In a Class 3 hotel etc, the situation is quite straight forward, each hotel unit is a sole occupancy unit. Access is required to the front door of all units on an accessible floor and into any accessible units.

What about a Class 3 boarding house? Most of this type of building are just the same as an hotel, however, some are designed around a coliving model, where a group of residents, with their own bedroom, share a living area, kitchen etc. Many student housing buildings operate in this way. Refer to the sample plan (right).

It could be considered that each “house” is a sole occupancy unit, like a unit in a residential flat building, but that is not the case. Although the residents may share a living area, bathroom etc, the individual bedrooms are all an SOU. Thus, access must be provided to each bedroom.

To complete this analysis, the definition of a sole occupancy unit includes, for example, an office tenancy though there are no consequences relating to access to the entry.
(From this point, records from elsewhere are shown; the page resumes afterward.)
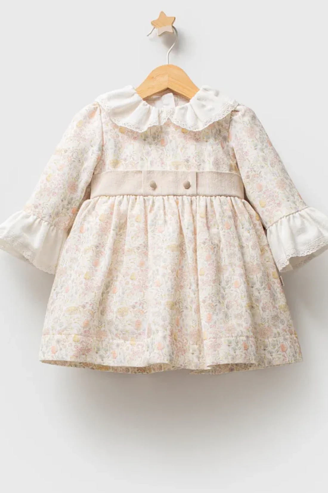 Designed specifically for baby girls, this dress features an eye-catching design with an elegant beige tone and detailed craftsmanship.
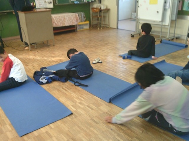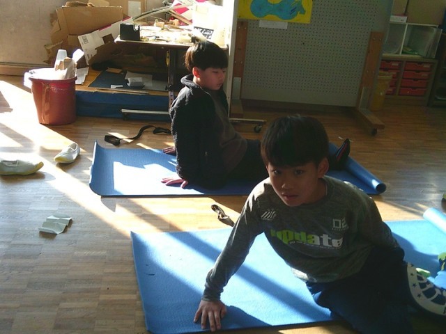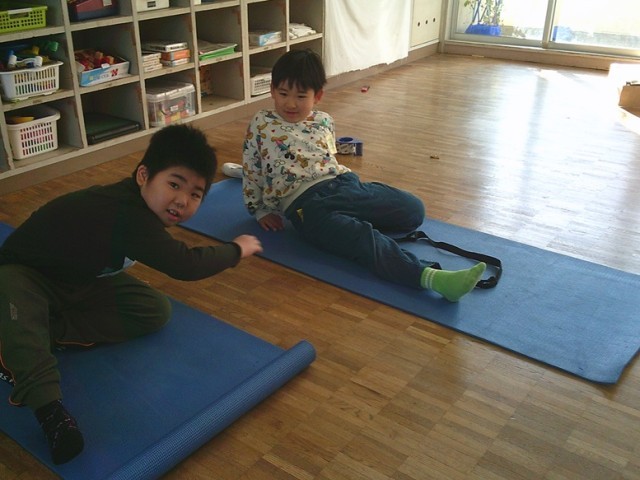 ききょう組の学習の様子です。両クラスでそれぞれ朝の運動に取り組んでいました。ストレッチをして、体を目覚めさせます。
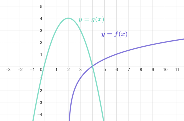 Odczytaj rozwiązanie nierówności, czyli argumenty, dla których wykres funkcji f leży powyżej lub pokrywa się z wykresem funkcji g.
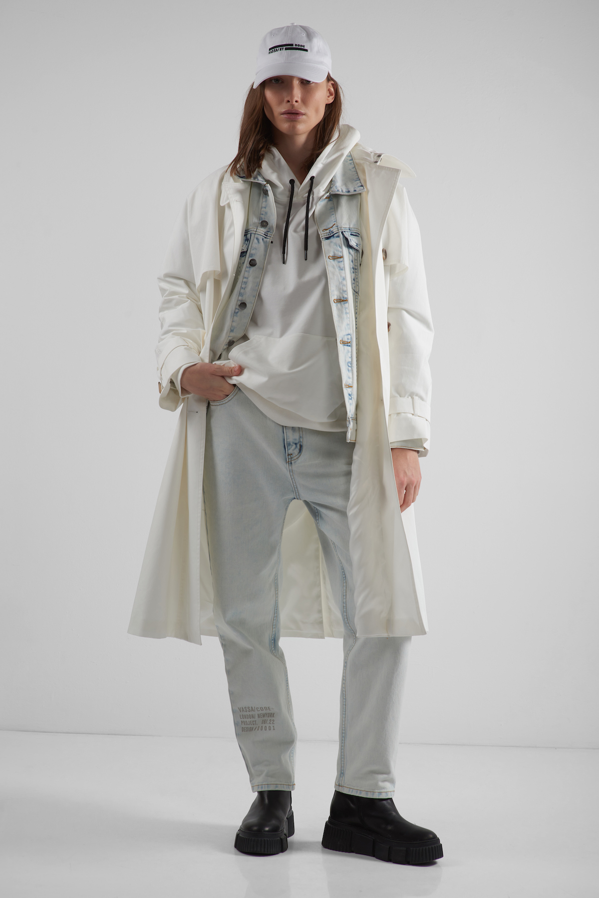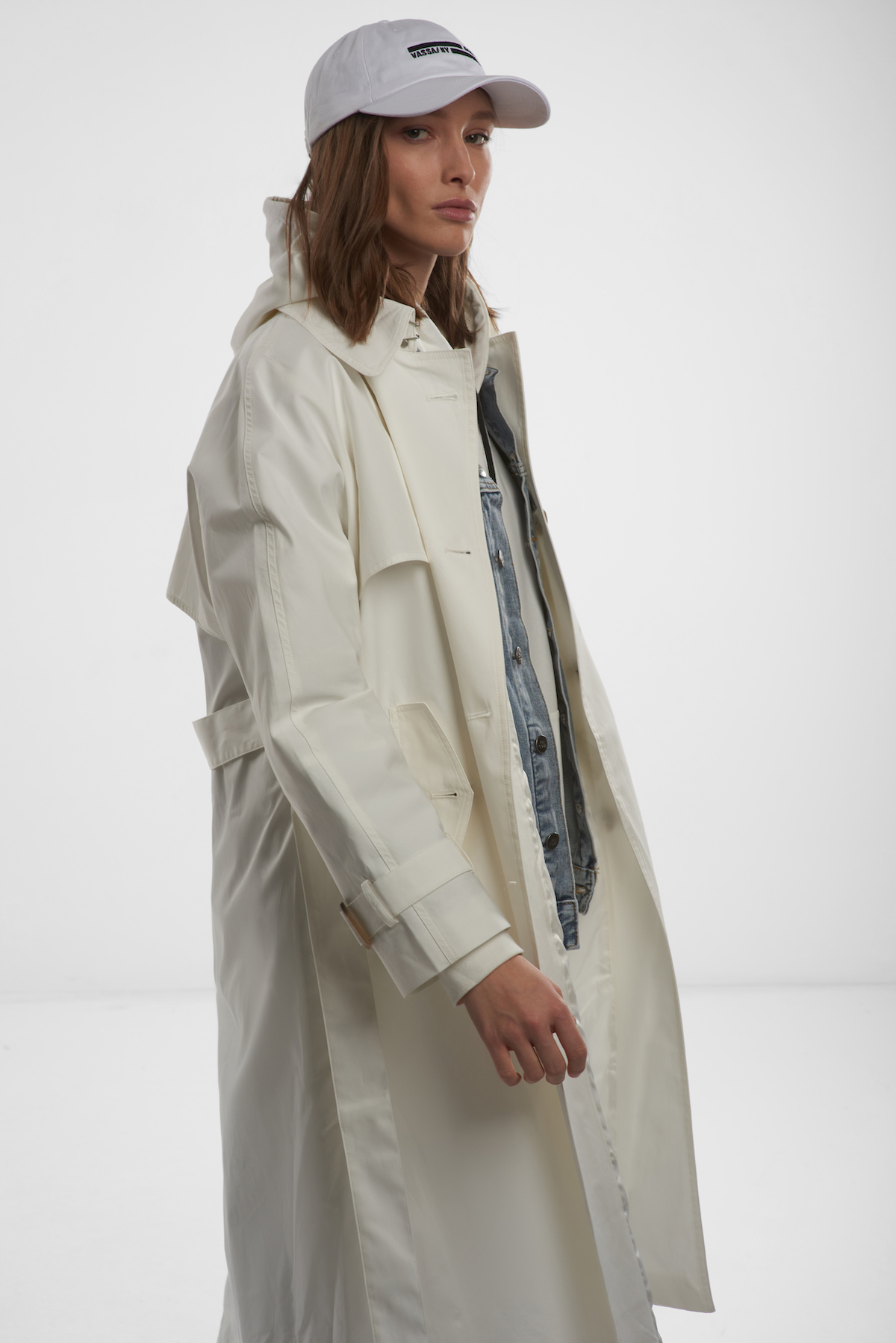Тренч в белом цвете с кокеткой
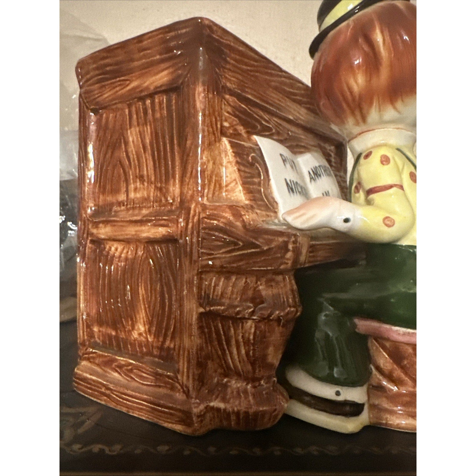 VTG Kitschy Piano Man Planter Vase #6378 Ceramic 1920s Bowler Hat Bar Japan MCM
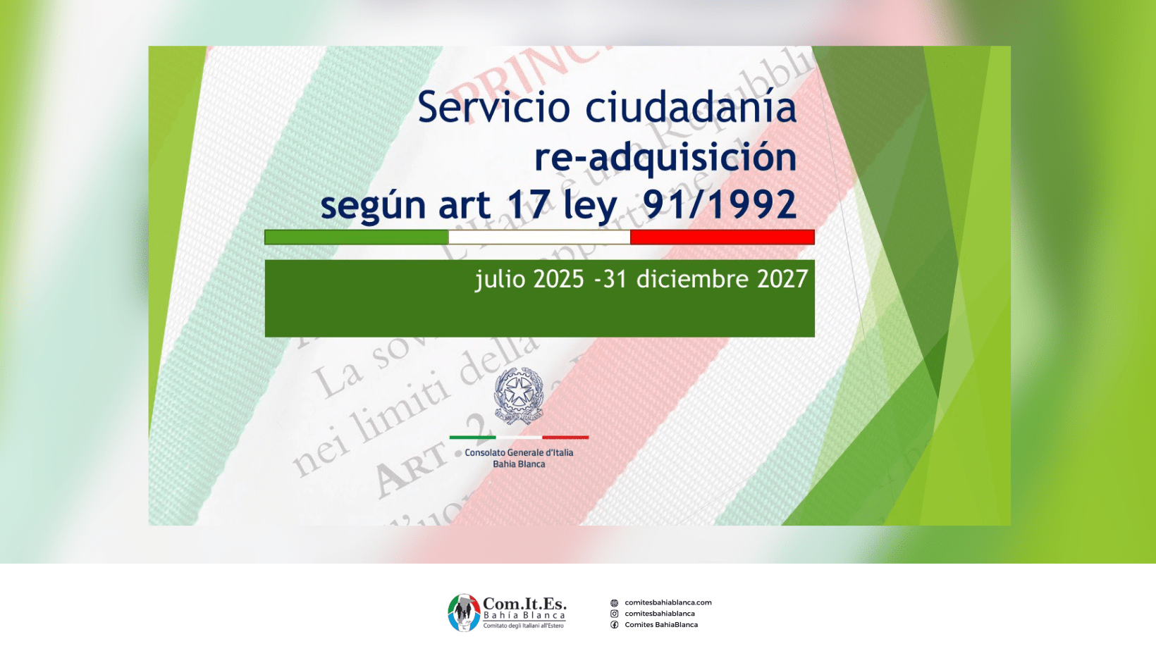 Da luglio 2025 sino al 31 dicembre 2027 e’ possibile riservare un appuntamento per presentare al Consolato Generale la dichiarazione necessaria al riacquisto della cittadinanza ex art. 17 legge N. 91 del 1992 come modificato dall’articolo 1-ter, comma 1, lettera b), del decreto legge n. 36/2025. Per maggiori informazioni, visitare la pagina ufficiale del Consolato Generale a […]
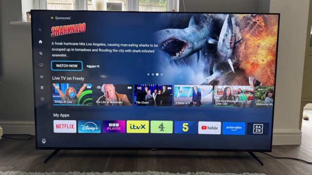 The screen is illuminated with regular big ol’ LEDs rather than Mini LEDs, and there’s no Quantum Dot colour system to boost the range of colours either.
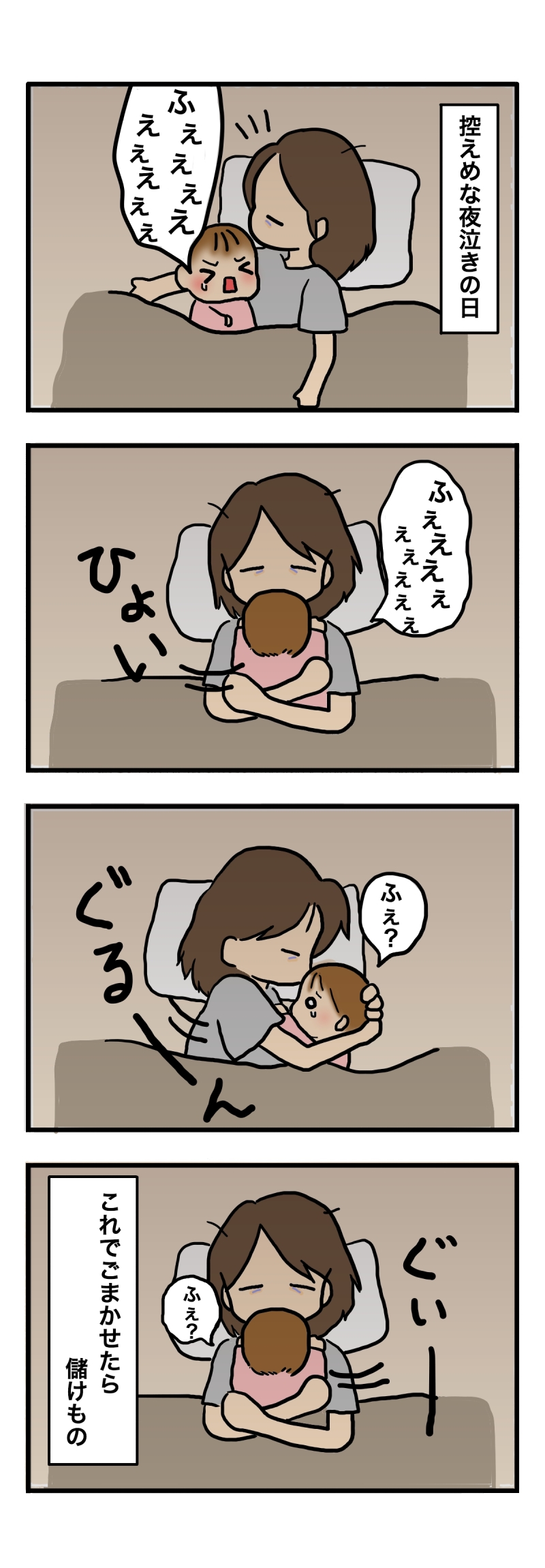 今、娘は寝ててベッドから落ちて、泣いても、サッと抱き上げて、トントンしたら、またすぐ寝るくらい、図太くなりました(笑)
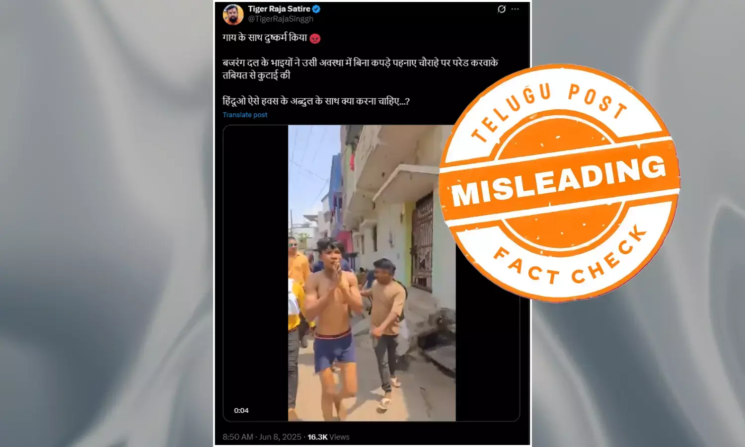 ಜೂನ್ 9, 2025ರಂದು ಎಕ್ಸ್ ಖಾತೆದಾರರೊಬ್ಬರು ವಿಡಿಯೋವನ್ನು ಹಂಚಿಕೊಂಡು ಮುಸ್ಲಿಂ ಯುವಕನೊಬ್ಬ ಹಸುವಿನ ಮೇಲೆ ಅತ್ಯಾಚಾರ ಮಾಡಿ ಸಿಕ್ಕಿಬಿದ್ದಿದ್ದಾನೆ. ಇದರಿಂದ ಕುಪಿತಗೊಂಡ ಜನರು ಆ ಯುವಕನನ್ನು ಥಳಿಸಿ ಮೆರವಣಿಗೆ ಮಾಡಿದ್ದಾರೆ ಎಂದು ವಿಡಿಯೋವನ್ನು ಹಂಚಿಕೊಂಡು ಆಕ್ರೋಶ ವ್ಯಕ್ತ ಪಡಿಸಿದ್ದಾರೆ.
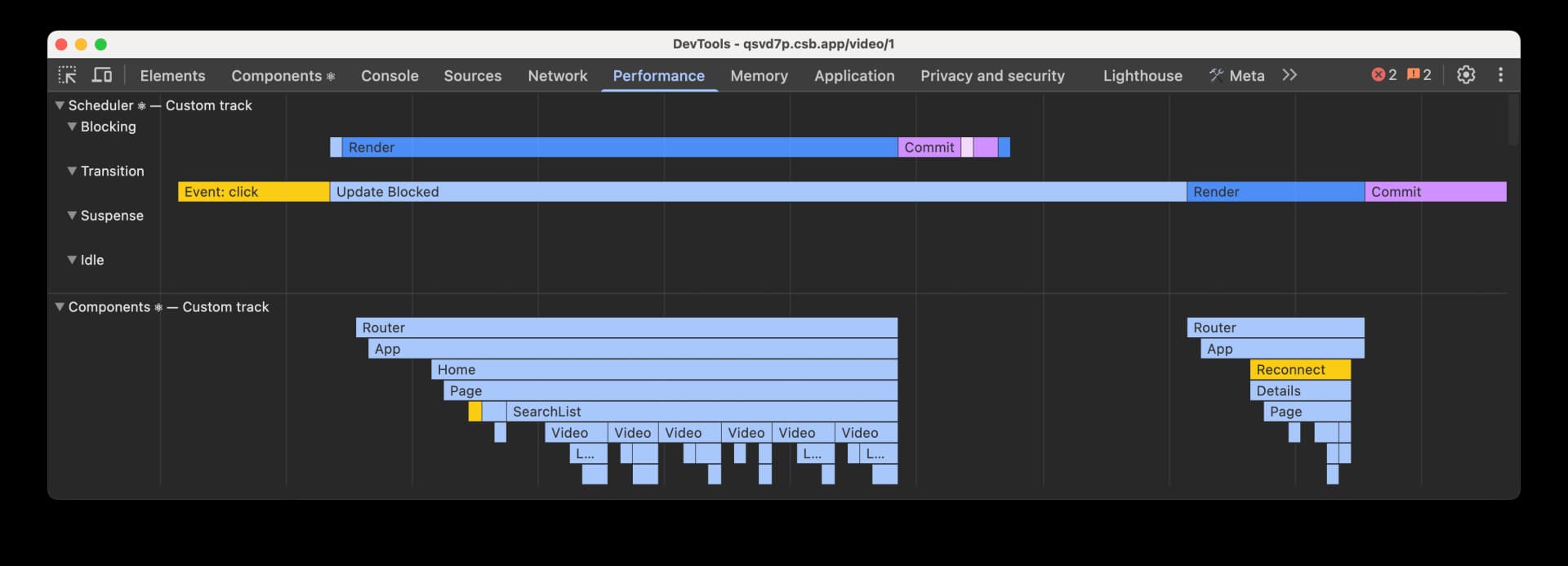 We’re working on a new set of custom tracks to performance profilers using browser APIs that allow adding custom tracks to provide more information about the performance of your React app.

However, it does highlight, what to me is an error in AS 1428.1-2009. You will find that Clause 15.3.2 refers to basins and Clause 14.2 refers to switches and GPOs in accessible sole occupancy units. Technically, a commercial tenancy is required to be accessible and, thus, it could be deemed that the basins, switches and GPOs are required to comply, but it is my understanding that the Standard is referring to residential SOUs in a Class 3 building only.

Administrative Areas In A Building Of Another Classification

A residential aged care building is a Class 9C building and the NCC requires access to the areas used in common by the residents and to the SOUs. There is no mention of the administration area. So, based on the 10% rule, if the administration area was less than

10% of the area of a storey then it would take the 9C classification and access would not be required. However, if it was for example in the basement where it occupied 20% of the floor area, would it then be Class 5? That seems to be a common interpretation, but I am not convinced it is correct. The function of a Class 9C building doesn’t just involve the resident areas the administrative function is an integral part of the building use, so to me it should retain the 9C classification.

A similar example exists in a childcare centre. If the office area is on a separate floor to the “classrooms” does it become Class 5 or is it an integral part of the 9b classification.

The ABCB document I referred to earlier, uses a similar example. They refer to a Class 7b warehouse with an office area occupying 12% of the floor and this is deemed to be Class 5. They actually say “must be classified separately”. To me, and I accept I may be incorrect, but if the office is part of the operation of the warehouse it should take on that classification, however, if the office is separately dealing with the public then I accept that it should be Class 5. I came to this opinion because a Class 5 building is an “office building used for professional and commercial purposes” which to me indicates it is a business in itself not an administrative function of another business.